Entre la gomme et la rustine

Encore un verre encore,
Encore un jour.
Une dernière nuit.
Une dernière heure.
Un peu de rab.
Une seconde supplémentaire,
Courte ou longue,
Élastique,
Toute une vie,
Tout un monde,
Dans une seule seconde.

Les yeux des enfants.
Une femme qui tombe.
Juillet bleu et blond,
Le froid qui mord,
Et la nuit rouge
Aux yeux brillants.

Le sifflement éteint
Du temps qui fuit
Par une fente étroite,
Son odeur de caoutchouc
S’échappe
D’une chambre à air
Coincée
Dans un vieux pneu crevé
Qui tourne à l’horizontale
Au bout d’un axe rouillé
Qu’un vieux moteur fatigué
Cessera bientôt d’entraîner.

Un peu plus haut, juste à côté

Gris. Gris lourd et gris de plomb. Gris suspendu qui dégouline.
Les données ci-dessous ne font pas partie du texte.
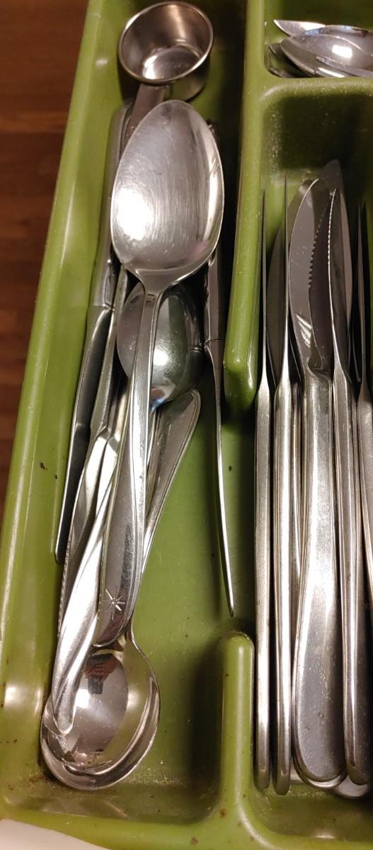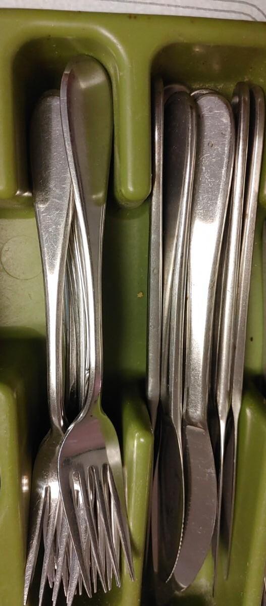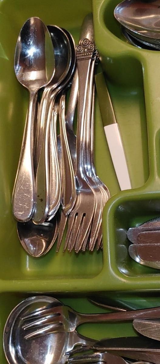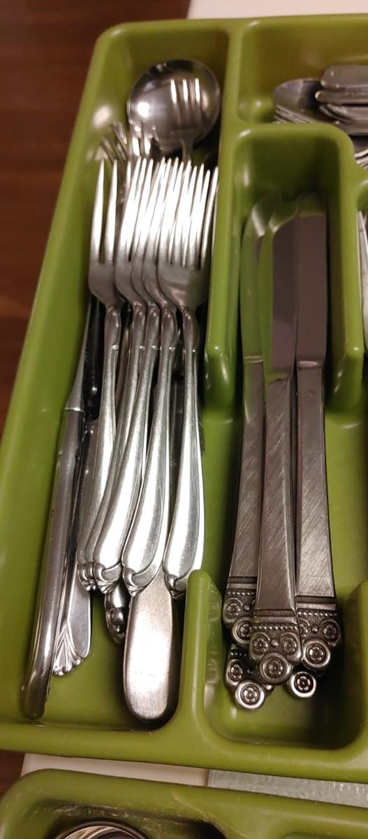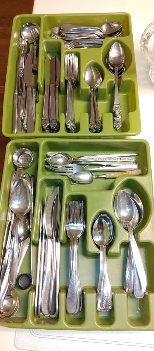 #84 ( 2 ) Containers Of Vintage Heavy Stainless Steel Cutlery. Quality heavy.. at least two complete patterns a boatload of quality beautiful stainless steel vintage flatware! Buyer will be very pleased! This is quality heavyflatware...not easily bent!
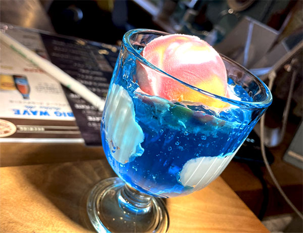 レインボーアイスクリーム(カシス/オレンジ/ヨーグルト)が青空のパインゼリーの上に!ハイビスカス&パインのミニジュース付き。

Gris souris, gris sécateur, gris mangeur de forêts qui avale la cime des arbres, gris glouton qui digère avec peine les derniers étages des immeubles, gris l’estomac plein et tiède, repu d’avoir englouti le ciel.
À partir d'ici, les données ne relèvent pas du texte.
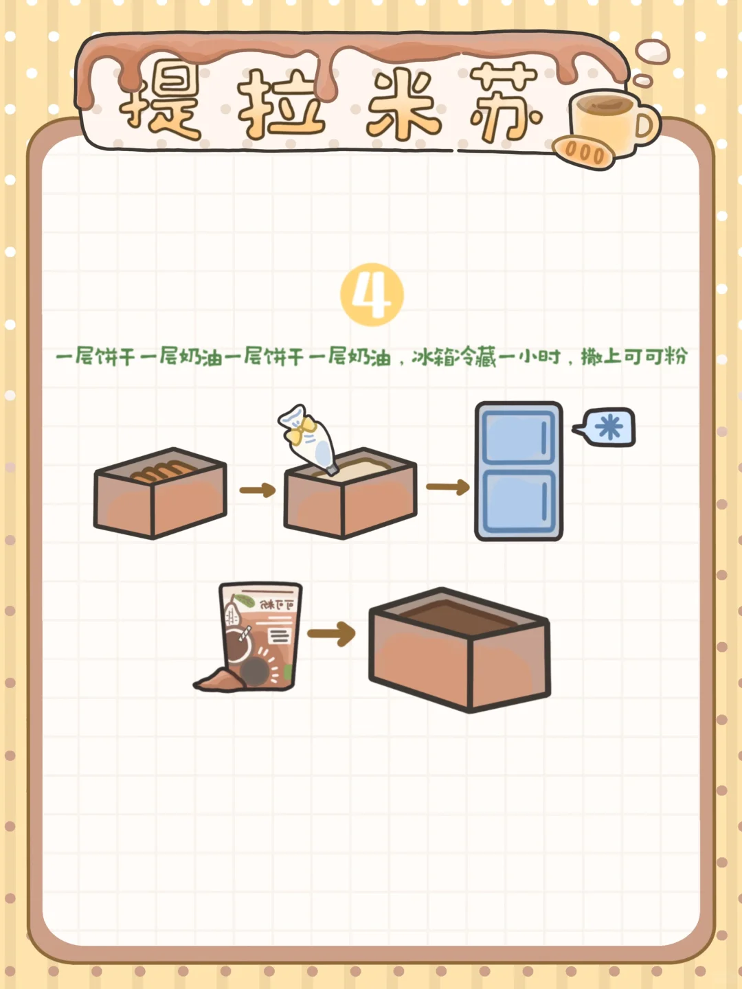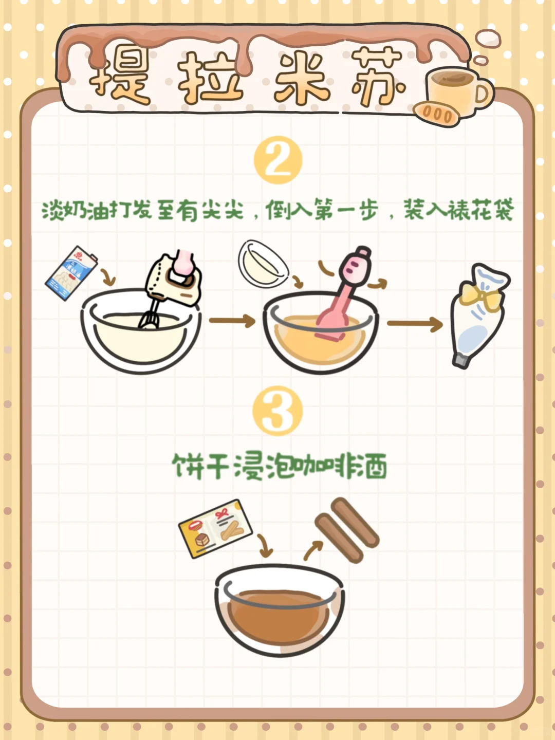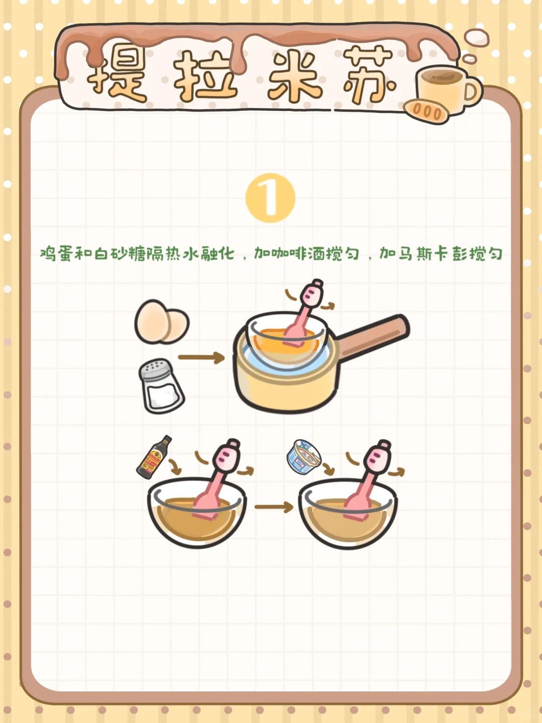 Hi!这里是小羊柚柚~ 今日份丝滑浓郁的提拉米苏🍰来喽!不知道为什么😭最近流量超级不好,是换了新风格大家不喜欢了嘛😭感觉更新越来越没有动力了,听说是推流机制变了 搞得好焦虑啊😖但是我自己好喜欢现在的新风格,打算再坚持一段时间看看💪希望可以越来越好,感谢大家一直的陪伴🙏 提拉米苏真的是一个一段时间不吃就会想念的甜品👍每次吃一口都会有满满的幸福感🥰一整个满血复活‼️ - 🥣食材准备 鸡蛋🥚|手指饼干🍪|咖啡酒☕️|淡奶油🧁|马斯卡彭|可可粉|白砂糖🍬 - 👉制作步骤 1️⃣鸡蛋🥚和白砂糖隔热水♨️融化🫠,加入咖啡酒☕️搅拌均匀(其实也可以用咖啡液),加入马斯卡彭搅拌均匀 2️⃣淡奶油打发至提起来有尖尖,倒入第一步搅拌好的蛋液中搅拌均匀,加入裱花袋 3️⃣用咖啡酒浸泡手指饼干🍪(不要泡太久 整个浸湿就可以了 喜欢软一点也可以泡一下) 4️⃣一层饼干🍪一层奶油🧁一层饼干🍪一层奶油🧁,放入冰箱🧊冷藏一小时,取出撒上可可粉 - 🌟小tips 这里的鸡蛋🥚最好使用无菌蛋哦~不过也有免鸡蛋版,也可以直接不放鸡蛋,咖啡酒☕️没有的也可以用咖啡液来代替,味道都很不错👍 提拉米苏真是一个简单又美味🤤的小甜品,并且很适合大众的口味,大部分人应该都很喜欢吃提拉米苏吧‼️反正我一段时间不吃就很想念,现在不管甜品店还是摆摊,提拉米苏都是最常见的小甜品之一👍百吃不腻 - 感谢喜欢💕我们下期见喽~ 欢迎👏点菜

Gris sale et filandreux qui glisse, poisse les pattes des oiseaux sur les fils électriques, alourdit leurs ailes, les cloue au sol qu’ils labourent d’un pas lourd et hésitant.
Les oiseaux ne sont pas faits pour marcher.

Le brouillard, mat, atone et plat comme ma main, effaceur de formes et de couleurs, toute une vie sous l’éteignoir derrière ce fin rideau de brume, des jours gris qui tricotent inlasablement une résille triste et sans fin pour éteindre le monde et oblitérer le soleil.
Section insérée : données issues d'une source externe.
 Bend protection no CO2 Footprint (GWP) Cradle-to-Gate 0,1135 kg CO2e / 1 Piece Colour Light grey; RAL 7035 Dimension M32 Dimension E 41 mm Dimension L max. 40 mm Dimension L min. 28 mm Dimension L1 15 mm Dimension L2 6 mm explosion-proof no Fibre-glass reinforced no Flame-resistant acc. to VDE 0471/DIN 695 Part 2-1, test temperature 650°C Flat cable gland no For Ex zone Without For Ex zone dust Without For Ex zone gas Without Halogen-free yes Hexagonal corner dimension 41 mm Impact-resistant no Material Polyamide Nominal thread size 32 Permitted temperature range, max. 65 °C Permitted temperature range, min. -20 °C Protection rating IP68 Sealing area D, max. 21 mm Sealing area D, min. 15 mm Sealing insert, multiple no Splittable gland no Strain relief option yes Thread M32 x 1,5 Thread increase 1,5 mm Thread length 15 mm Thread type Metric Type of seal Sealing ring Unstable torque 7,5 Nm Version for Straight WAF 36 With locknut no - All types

La vie est ailleurs, là où le monde est rempli de couleurs. Là où souffle un vent froid et tranchant comme une lame. Là où la pluie à un goût de jasmin. Là où la neige tombe à l’horizontale, où l’asphalte se liquéfie en été et les pierres se fendent en hiver.

Là vie est ailleurs.

Un peu plus haut. Juste à côté. Il suffirait de grimper, de glisser, de faire une embardée au lieu de s’arrêter. Il suffirait d’ignorer la voix qui débite les arrêts en tranches électroniques. Il suffirait de faire un pas chassé, un pas dans le vide, de déployer ses ailes et de s’envoler. Laisser le brouillard manger d’autres femmes, d’autres hommes, laisser le brouillard brouter dans ses gris pâturages, laisser le brouillard, les têtes de nœuds, les têtes de lard, les matins où le jour ne vient pas, les heures inutiles qui s’écoulent du flanc entaillé de la vie, goutte après goutte, ploc, plic, plic, ploc, ploc, une heure vient de passer, plic, une heure gaspillée, une semaine envolée, ploc, des mois sans voir le soleil, plic, des années remplies de vide et de brouillard, ploc, pendant que le soleil n’a cessé de briller, un peu plus haut, un peu plus loin, à quelques kilomètres, sur des plages immenses et sur les vagues légères que tracent les flocons de neige sur le dos des glaciers.

La vie est ailleurs. Un peu plus haut, juste à côté.